Independents simply need to keep their ego in check and keep an open mind about “expert” predictions to avoid missing out on crucial information that they may have missed in the course of their research.
Accumulators
Finally, accumulators are aggressive investors who don’t shy away from actively trading. Accumulators tend to focus on growing their wealth and investments, and they are prepared to accept high risks to achieve it.
They also tend to be overconfident in their investing decisions that they keep forging ahead despite warnings – especially when they’ve made good calls with risky assets in the past. Unlike independents, however, accumulators may make crucial investment decisions without proper research and evaluation.

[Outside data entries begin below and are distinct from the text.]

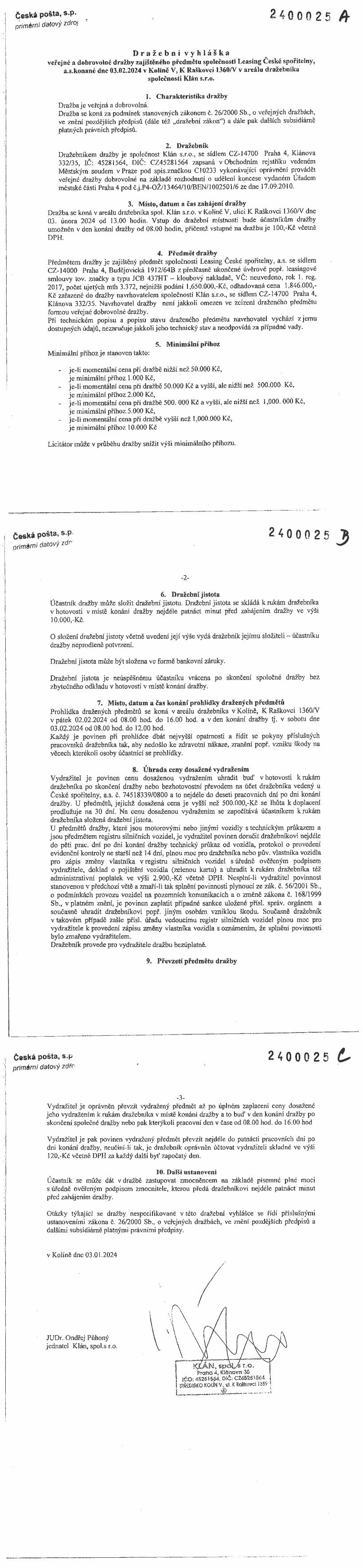 www.centralniadresa.cz – 13.12.2025 07:17 – announcement number 10968235DV01
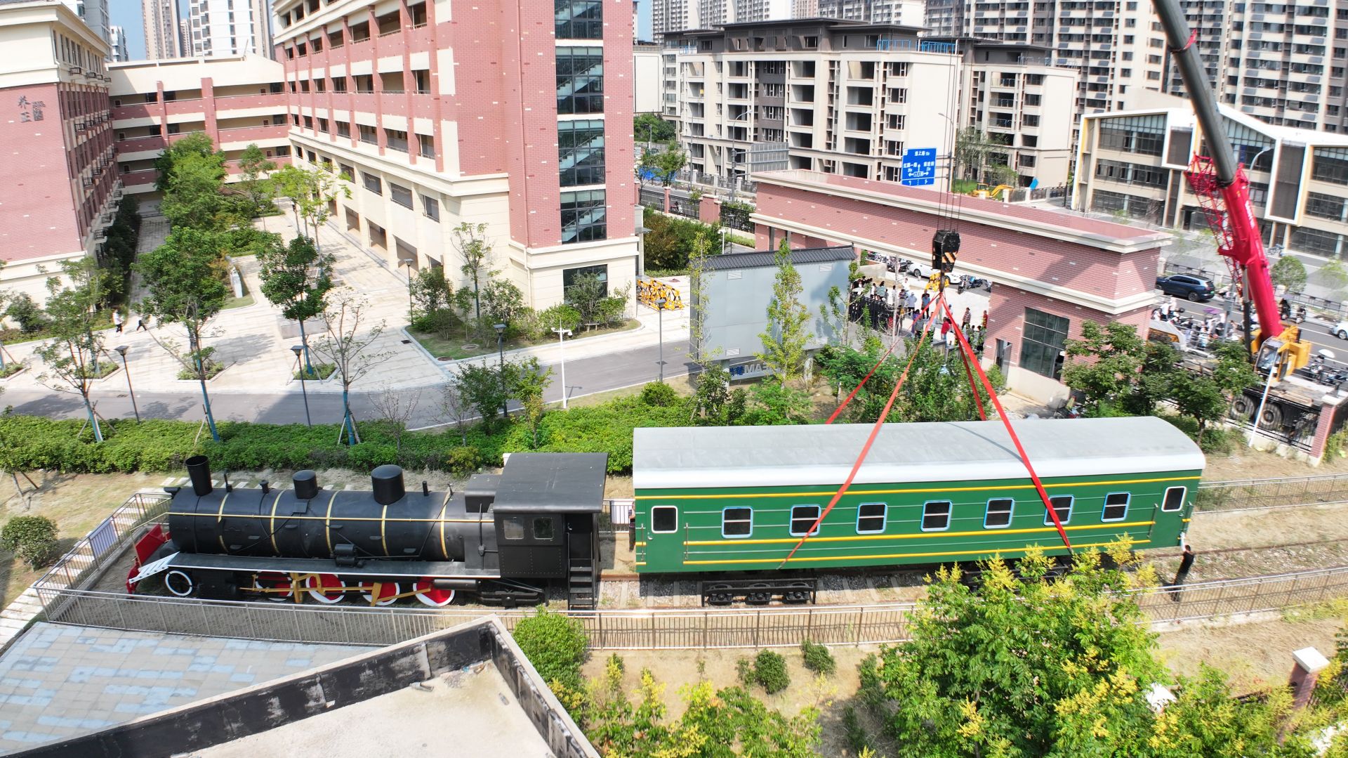 蚌埠发布客户端讯 8月31日早晨,蚌埠市禹会区秀水实验学校北门,一节1:1比例的火车模型被吊车运送到校内铁轨上,该校成为一所拥有“火车”的学校。
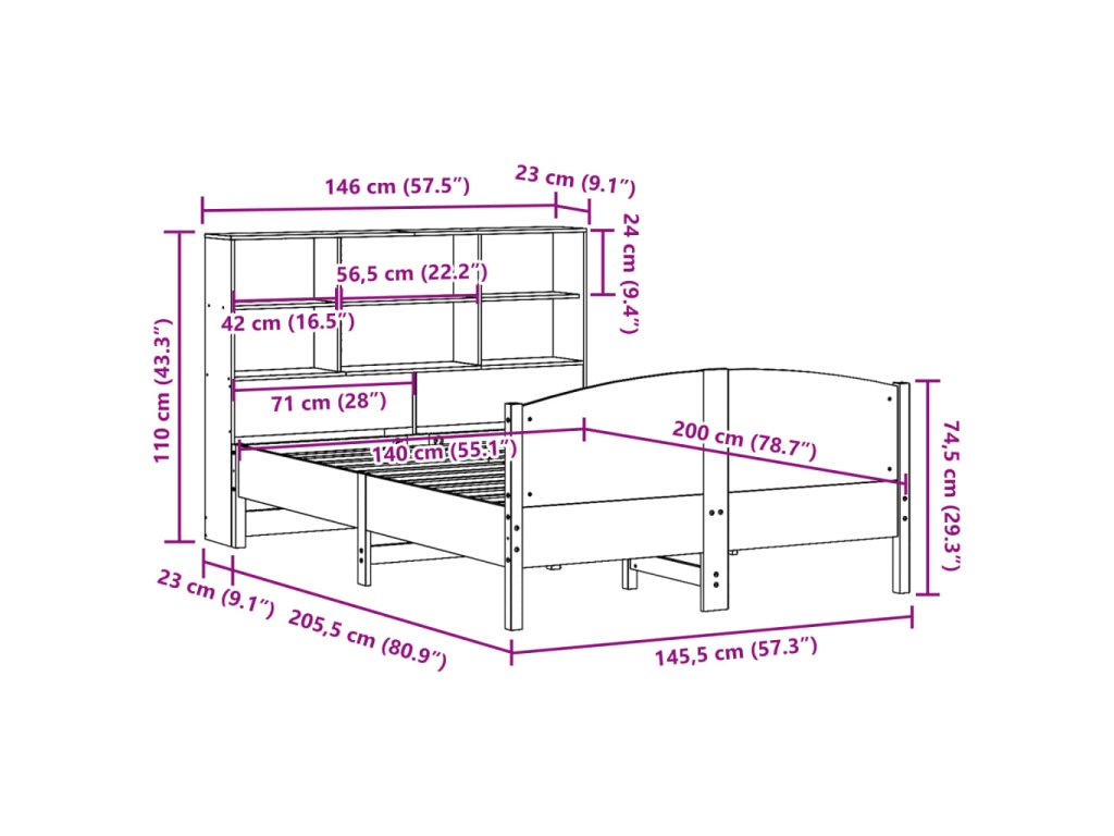 Postel s knihovnou bez matrace 140 x 200 cm masivní borovice 3323104
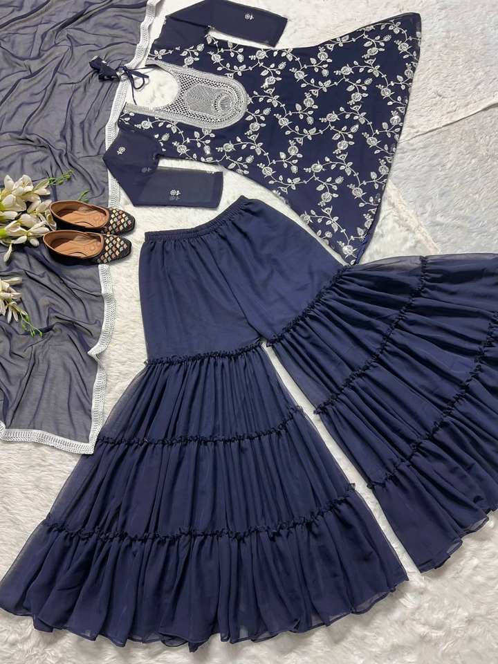 Latest Designer Heavy Faux Georgette Embroidery Sequence Work Sharara Suit Indian & Pakistani Clothing by FabZone

Accumulators benefit from higher returns with investments because of their willingness to take on higher risks for the sake of potential growth; however, it’s also important for them to exercise caution. Their biggest obstacle is to overcome their egos to ensure that they make rational investment decisions based on facts.
Financial literacy is the key
The key to balancing risks and returns is through improving one’s financial literacy – it’s also the best investment a person can make. However, beginner investors don’t have to do it alone right off the bat. They may seek the advice of licensed professionals to get started and slowly build their investing knowledge as time passes.